Similarly, in the first quarter 90 women were murdered in the name of honour, whereas 135 women were killed in the second quarter on the pretext of this so called honour. More honour killings have taken place in Punjab this quarter (35) as compared to the previous quarter. The rape cases, unfortunately, have also sharply increased in the second quarter (107) as compared to the first quarter (60).
Most regrettably and shamefully, the number of incidents of gang-rape, which is the most ignominious of all crimes, has also risen to 66 in the second quarter as compared to 19 in the first quarter. This shows the extent of suppression and violence creeping into the lives of ordinary women, where they do not find any recourse to a decent living or are humiliated and disgraced through violent acts by men.
In most of the incidents of violence, the perpetrators were male, either relative or non-relative, according to the media and newspapers reports. In most of the incidents of murder of women, reported were accusations of illicit sexual relations, domestic quarrels, blood feuds, land disputes, lure of property and personal enmity. Sometimes, the crimes of this nature were committed over minor issues in a sudden outburst of anger.

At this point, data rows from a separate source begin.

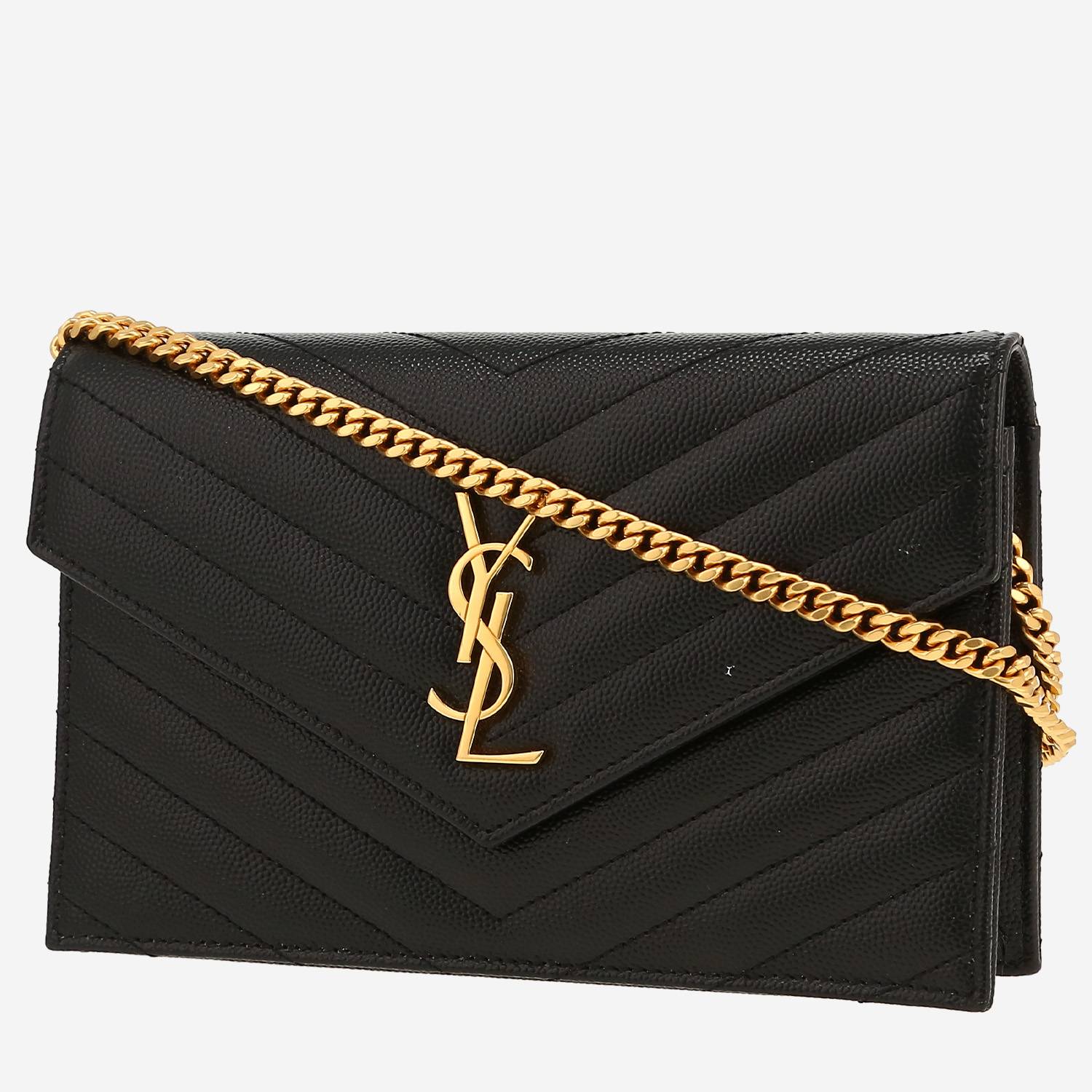 Bolso bandolera Saint Laurent Cassandre Envelope Chain Wallet en cuero granulado acolchado negro Ref Collector Square: 42 24 98
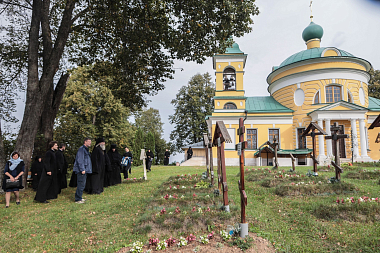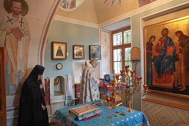 5 сентября 2020 года, в день отдания праздника Успения Божией Матери, на подворье Покровского Хотькова ставропигиального женского монастыря в Горошкове, председатель Синодального отдела по монастырям и монашеству архиепископ Каширский Феогност возглавил Божественную литургию.
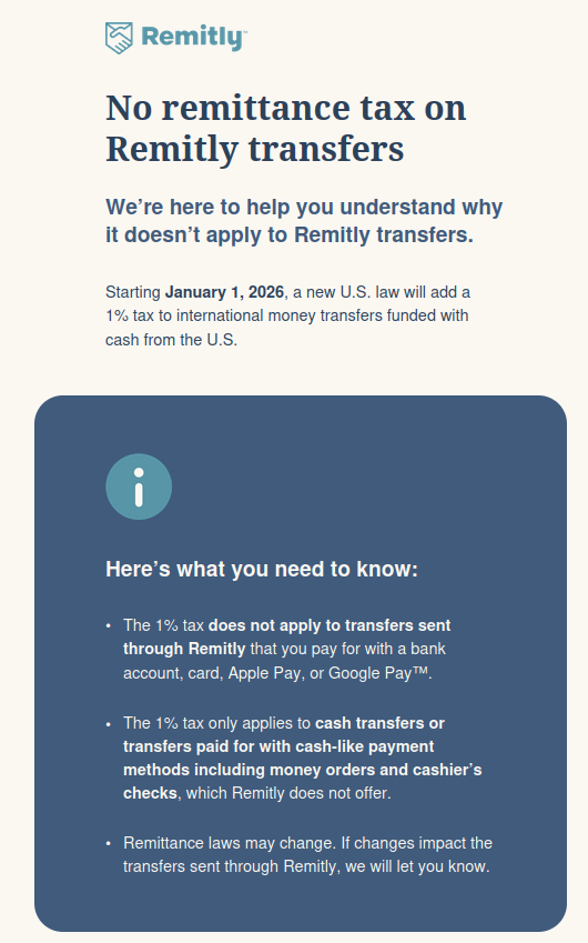No Tax on Remitly TransfersPublished by Fudgy McFarlen on July 26, 2025 Money transfer tax Categories: 0 Comments Leave a ReplyYour email address will not be published. Required fields are marked * Name * Email * Website What's on your mind? Δ
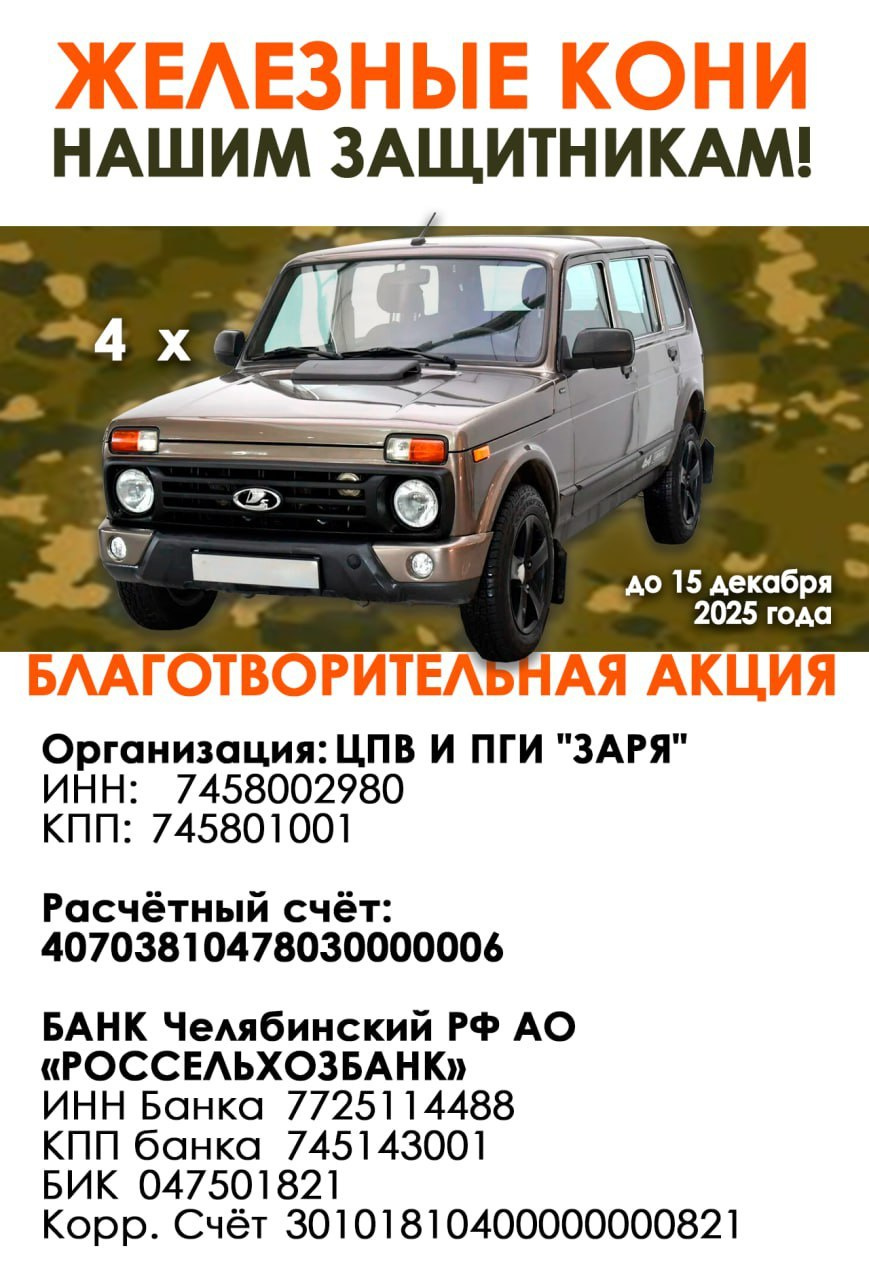 Нашим мужественным воинам нужны стальные кони — четыре автомобиля «Нива», которые станут надёжной опорой для доставки боеприпасов, провизии и эвакуации раненых. Каждая такая машина — это шанс спасти жизнь, это скорость помощи и уверенность в завтрашнем дне.
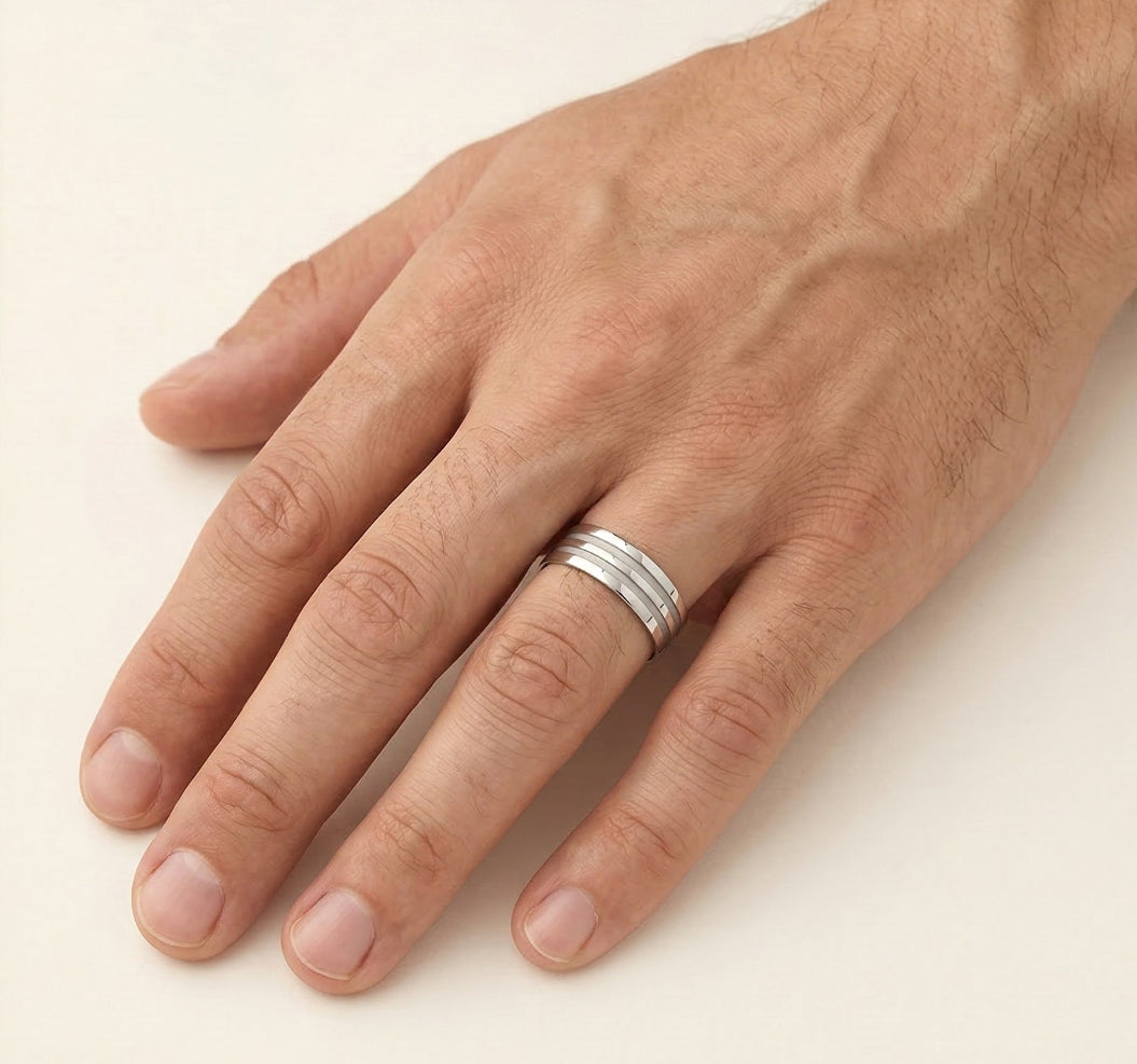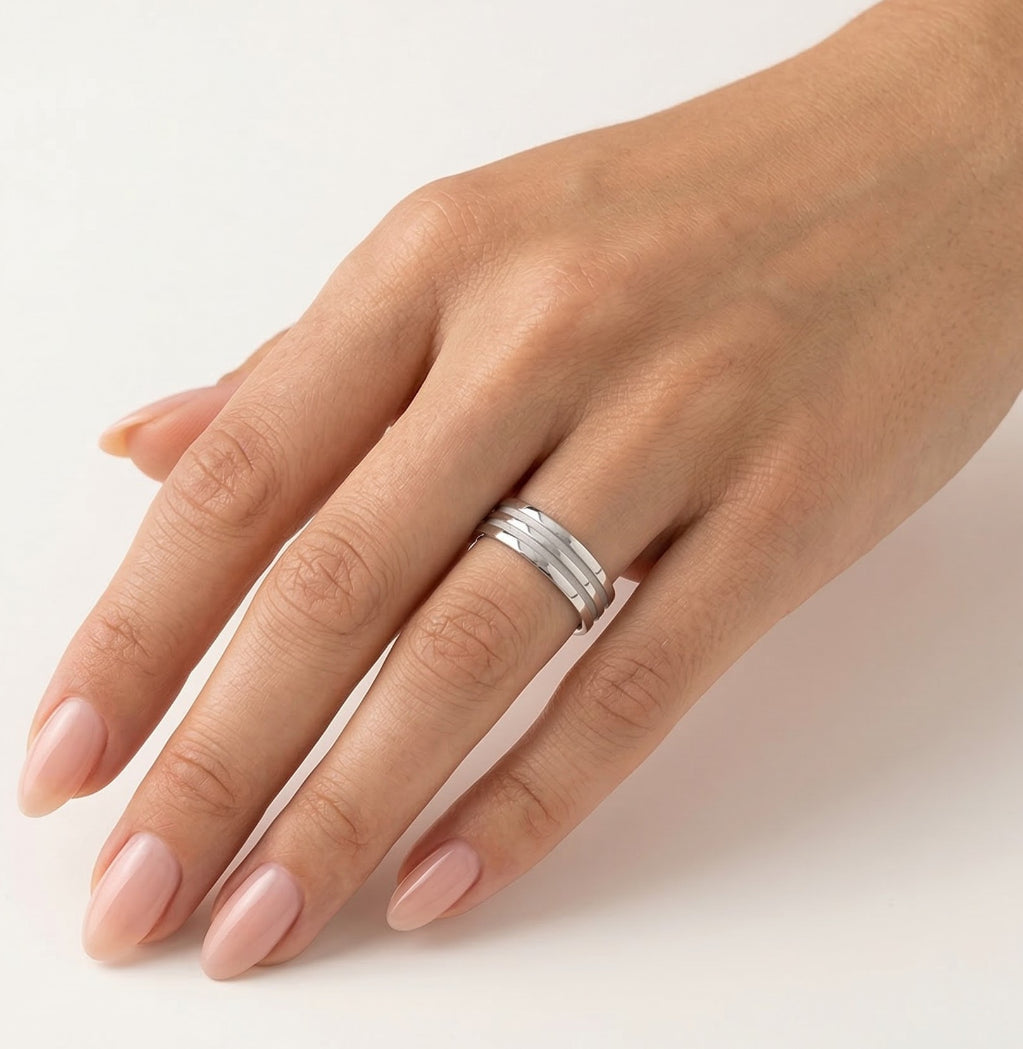 Tento snubní prsten z bílého 14kt zlata, vhodný pro ženy i muže, má elegantní šířku 6 mm a vysoce leštěný povrch. Prsten zdobí elegantní gravírované linie, které vytvářejí stylový a sofistikovaný vzhled. Tento prsten neobsahuje kameny a zdůrazňuje klasickou jednoduchost a trvalý styl.

Though domestic violence, which often has lethal consequences for women, is widespread in Pakistan. It has not been as widely covered in this report as it should have been, for reasons of inaccessibility of the data from most of the government-run shelter homes, crisis centres. Violence usually committed within the home is neither recognised as an offence in the law nor women mostly get an opportunity to reach out to public or private institutions to report these cases, particularly in the rural areas.
A number of reports have suggested that mostly, the violence occurred due to extreme gender biases against women resulting into family disputes. Women in such eases were subjected to physical and mental abuse, rape, burning, acid throwing and killing, it has also been reported that women were kicked. slapped, beaten or sexually abused when husbands were dissatisfied by their cooking or cleaning, or when the women had failed to hear a child or had given birth to a wrong gender child. By presenting this collected data of reported cases, we must also bear in mind that we are seeing just the tip of the iceberg, especially regarding domestic violence in the rural areas and smaller towns.